Pria yang akrab disapa Zulhas ini menegaskan, kabar burung tersebut sama sekali tidak berdasar. Pihaknya tak pernah mengalokasikan anggaran triliunan rupiah hanya untuk alat pendingin ruangan tersebut.
“Sudah berkali-kali dijelaskan, tidak ada [anggaran] Rp 1,8 triliun itu,” tegas Zulhas saat memberikan keterangan di Kantor Kemenko Pangan, Jakarta, Selasa (28/7/2026).
Buka-Bukaan Alokasi Anggaran
Demi meluruskan kesimpangsiuran informasi, Zulhas membeberkan secara rinci kalkulasi anggaran pembangunan satu unit gedung Kopdes Merah Putih.
Menurut hitungan Kementerian Pekerjaan Umum (PU), standar biaya pembangunan gedung koperasi seluas 600 meter persegi berkisar di angka Rp 4 juta per meter persegi, atau total Rp 2,4 miliar.

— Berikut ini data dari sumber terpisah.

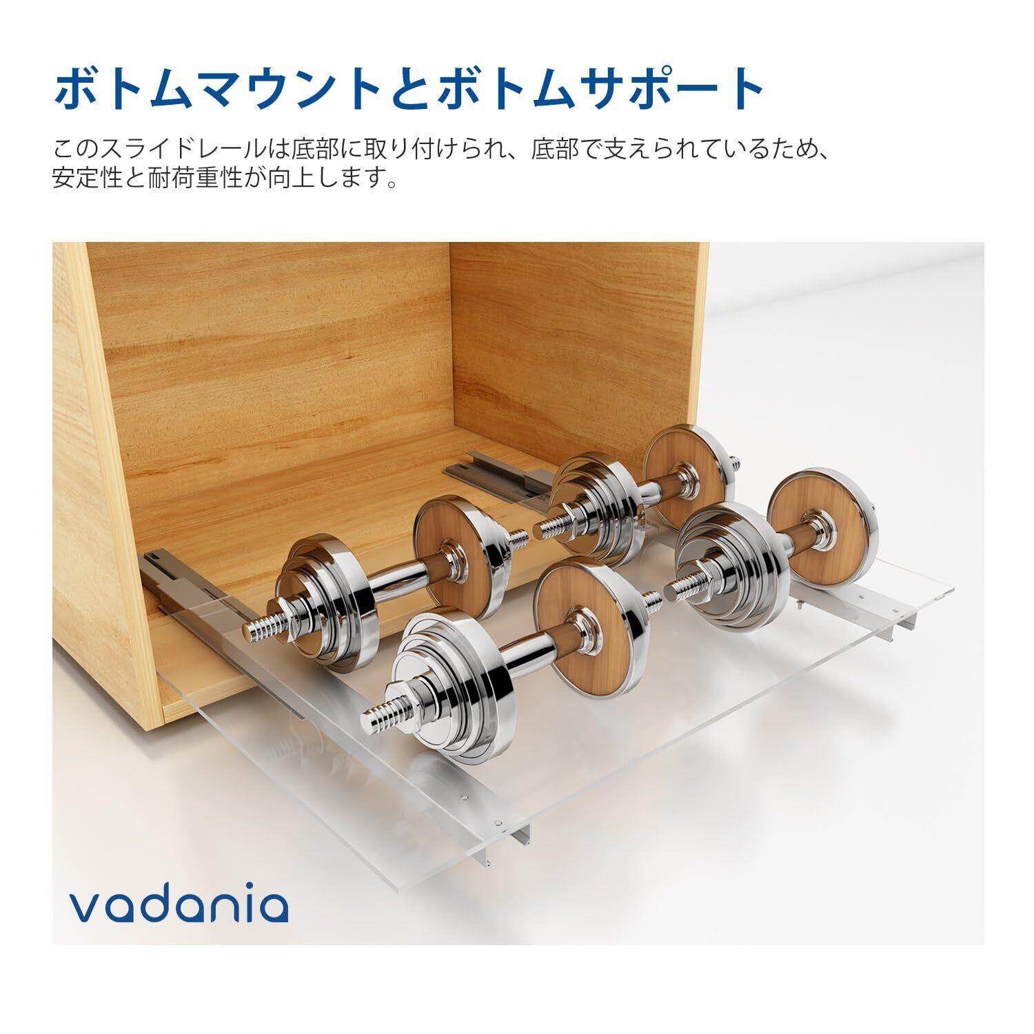 【新着商品】VADANIA 250mm 底引き引き出しスライド ソフトクローズ ボトムマウント&ボトムサポート 耐荷重40KG 底付けタイプ スライドレール 底引 左右1ペア

Namun, lewat efisiensi dan keterlibatan TNI dalam proses konstruksinya, biaya tersebut berhasil ditekan signifikan.
“Dengan bantuan TNI, biayanya bisa ditekan menjadi rata-rata Rp 1,6 miliar per unit gedung,” ujar Zulhas.

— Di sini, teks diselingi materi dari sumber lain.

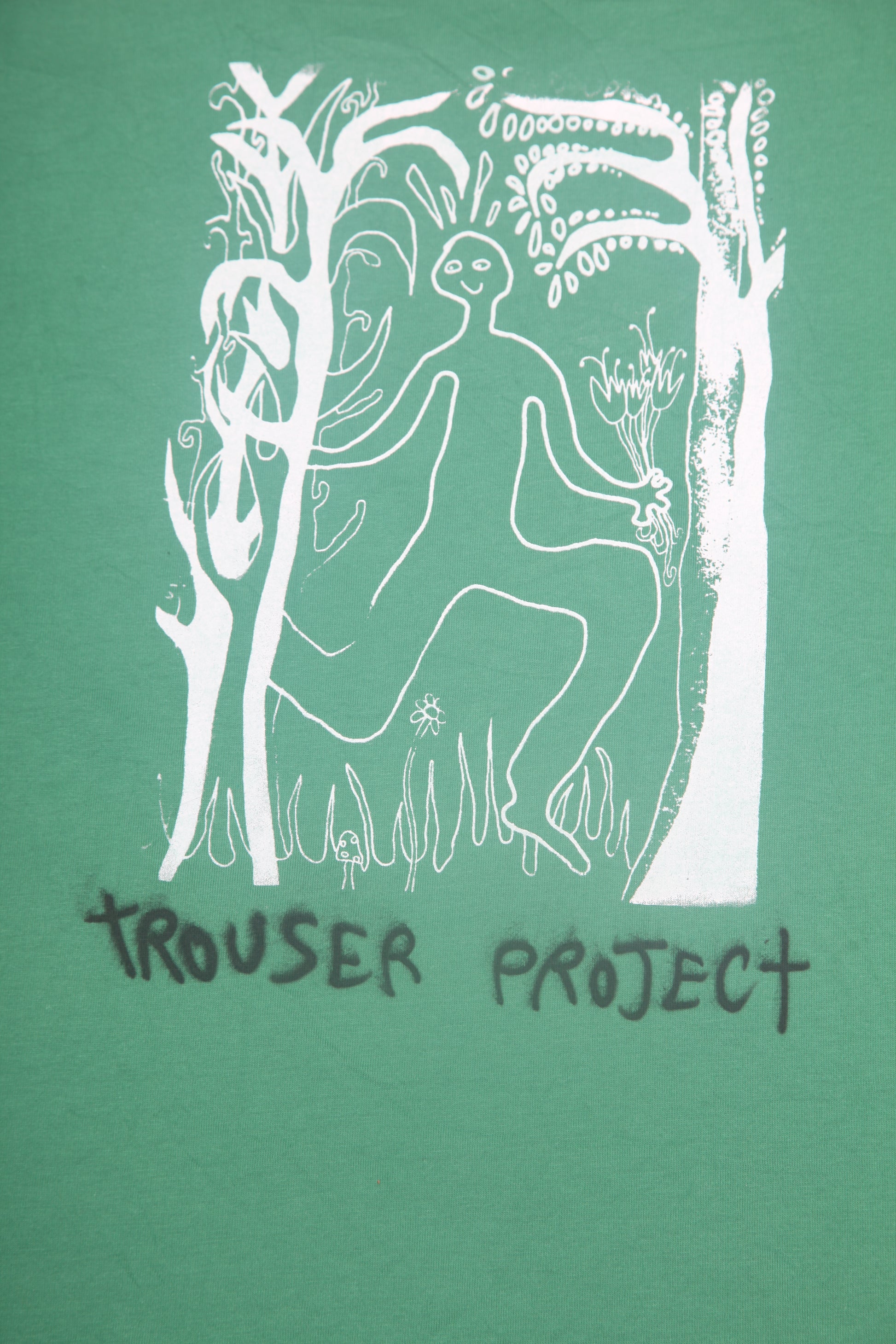 Pre-loved green T-Shirt with graphic screen-print design. Sustainable, hand printed, and one-of-a-kind. Please note that all items are sourced second hand so may have some wear, any marks have been covered with the new designs. The label may say a different size, I have used a standard sizing chart to keep it consistent.
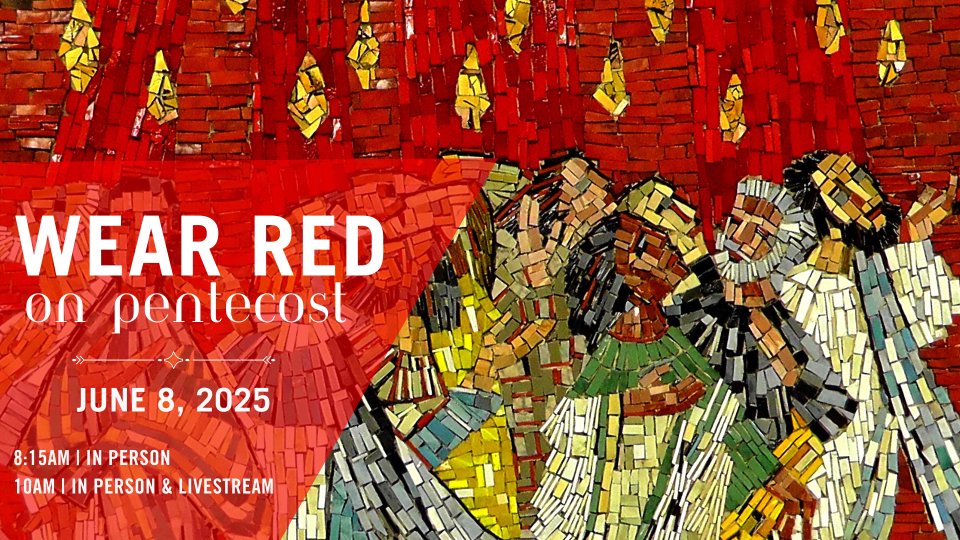 Red is the color of Pentecost, symbolizing the Holy Spirit's arrival with tongues of fire. Go through your closets and find red clothes to wear to church on Pentecost Sunday to join in the celebration!
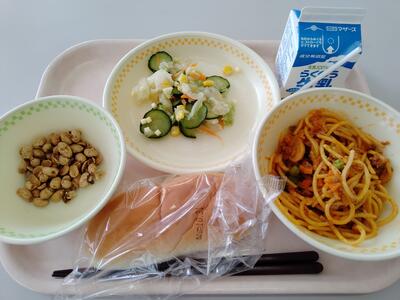 本日の献立は、「ミルクパン」「ミートスパゲティー」「チーズサラダ」「黒糖ビーンズ」「牛乳」です。

Rincian Pemanfaatan Dana Rp 3 Miliar per Unit
Zulhas menjelaskan, total alokasi dana untuk tiap unit Kopdes Merah Putih dimanfaatkan secara terukur untuk beberapa kebutuhan utama yaitu rata-rata Rp 1,6 miliar untuk pembangunan bangunan fisik seluas 600 m2. Lalu sekitar Rp 1,1 miliar untuk pengadaan moda transportasi pendukung.
Sisa dana sebesar Rp 300 juta itulah yang dialokasikan untuk melengkapi fasilitas pendukung seperti ruang klinik, rak penyimpanan, barang operasional, hingga kebutuhan pendukung lainnya—bukan khusus untuk kipas angin seperti yang dirumorkan.

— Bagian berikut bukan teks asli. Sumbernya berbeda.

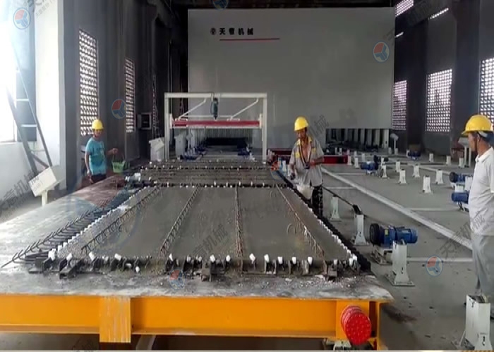 PC環(huán)形疊合板/內(nèi)墻板生產(chǎn)線的主要設(shè)備包括雙梁橋式起重機(jī)、清理機(jī)、脫模劑噴涂機(jī)、布料機(jī)、振動(dòng)臺(tái)、趕平機(jī)、拉毛裝置、預(yù)養(yǎng)窯、抹光機(jī)、碼垛車(chē)、養(yǎng)護(hù)窯、翻轉(zhuǎn)機(jī)、擺渡車(chē)、支撐滾輪、驅(qū)動(dòng)輪、模臺(tái)和成品運(yùn)輸車(chē)等。
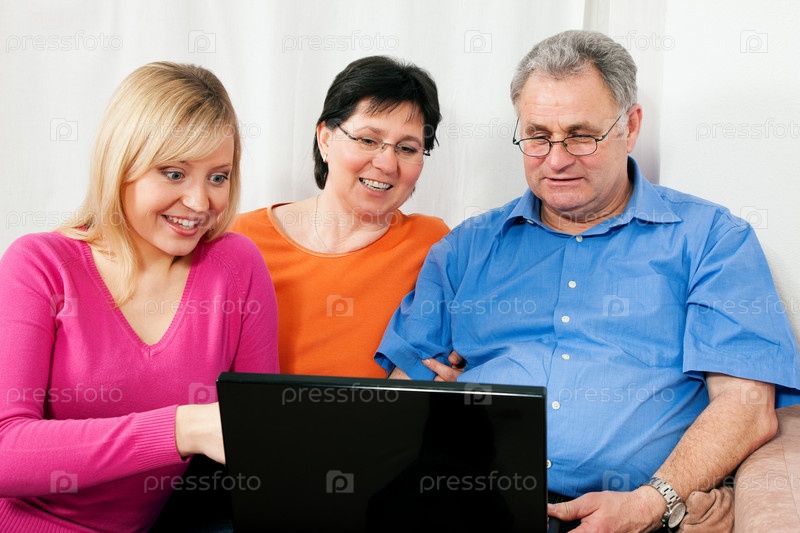Дочь объясняет пожилым родителям как работать с ноутбуком
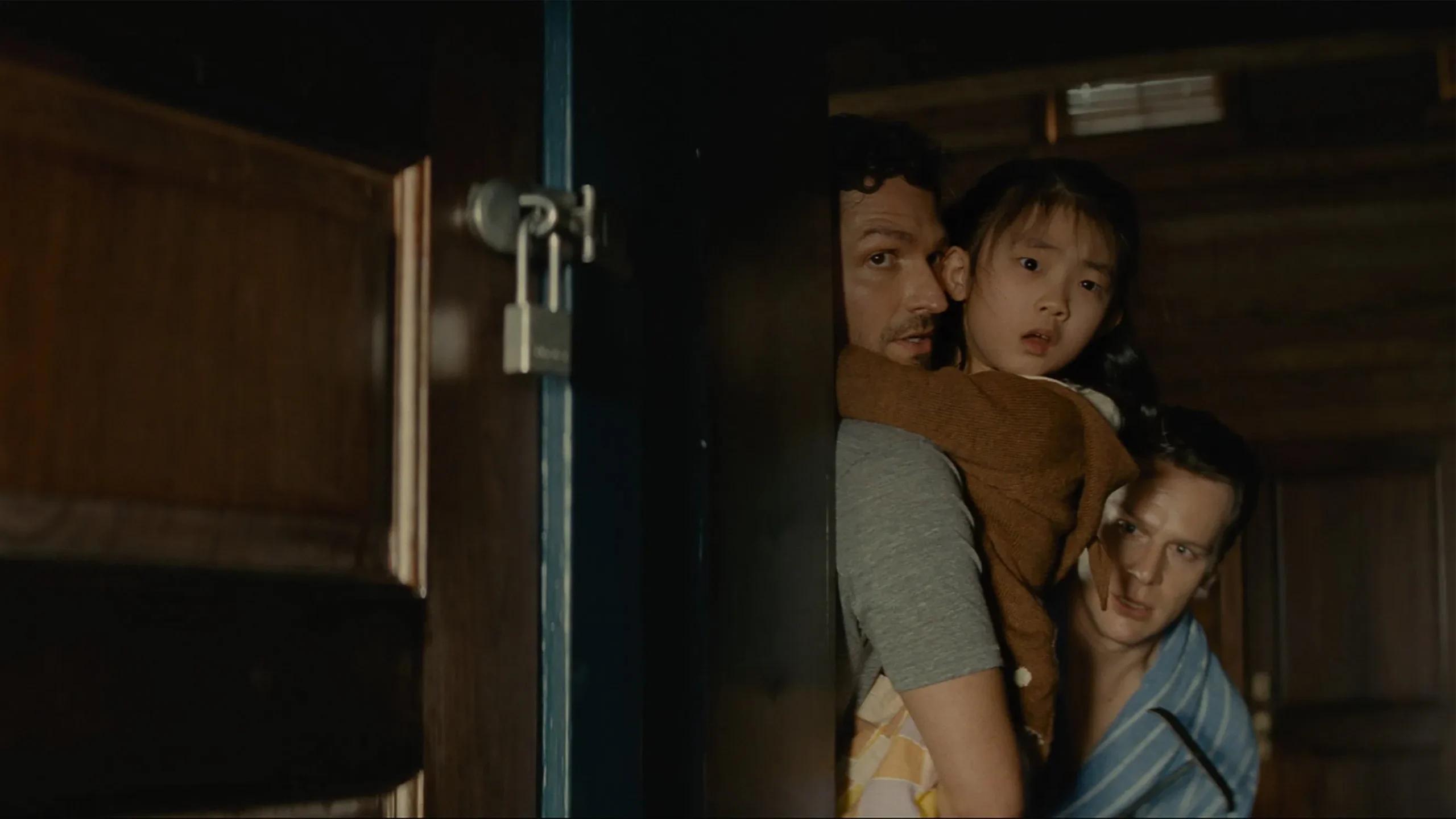 A decisão é um elemento essencial em Batem à Porta, tal qual foi no desfecho de Tempo, e a obrigação iminente de uma decisão que sustenta o elevado nível de tensão e curiosidade desse filme. E numa obra onde as escolhas são o que definem o findar de tudo, é muito interessante como o roteiro desenha o casal Eric (Jonathan Groff) e Andrew (Ben Aldridge) através de muita sutileza como duas pessoas completamente diferentes (belíssima a cena em que ambos apontam os defeitos um do outro), mas que se amam e se sentem dispostas a, á sua maneira, fazer o que for preciso por sua família. É aqui que a crença de cada também se torna um elemento essencial ao filme, com o ceticismo e a crença gradativa sendo muito bem representados nas personalidades e reações de cada personagem.
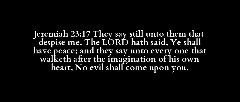 Jeremiah 23:17 They say still unto them that despise me, The LORD hath said, Ye shall have peace; and they say unto every one that walketh after the imagination of his own heart, No evil shall come upon you.
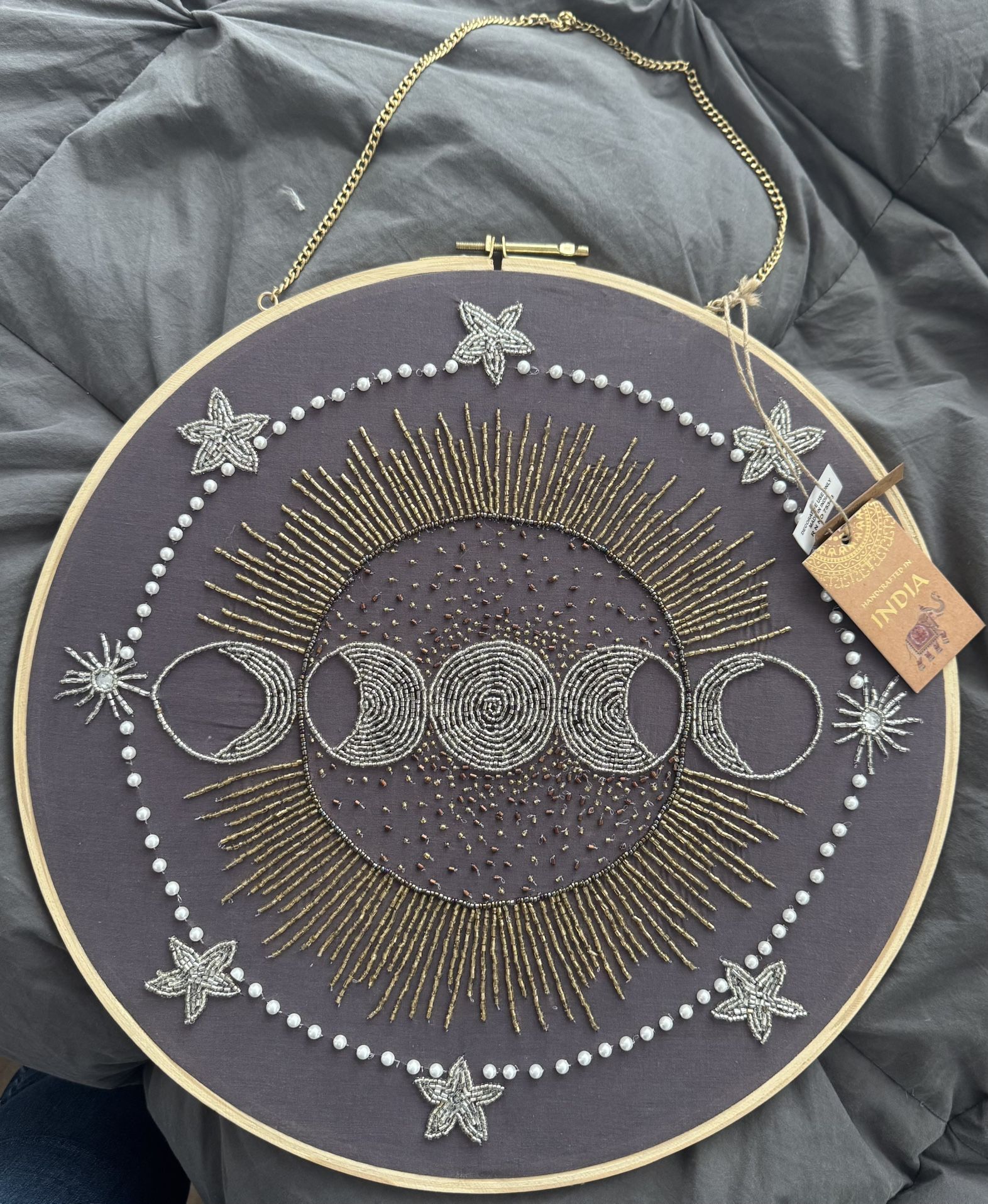 Handcrafted Celestial Sun and Moon Large Beaded Embroidery Hoop Hanging Wall Art

Zulhas menambahkan, item pengadaan fasilitas pendukung senilai Rp 300 juta tersebut saat ini masih menjalani tahap pengawasan ketat dari lembaga pemeriksa resmi negara.
“Sisa Rp 300 juta itu untuk klinik, rak, dan macam-macam. Semuanya nanti divalidasi oleh BPKP dan BPK. Insyaallah proses ini kita jalankan dengan transparan dan terbuka,” tutupnya.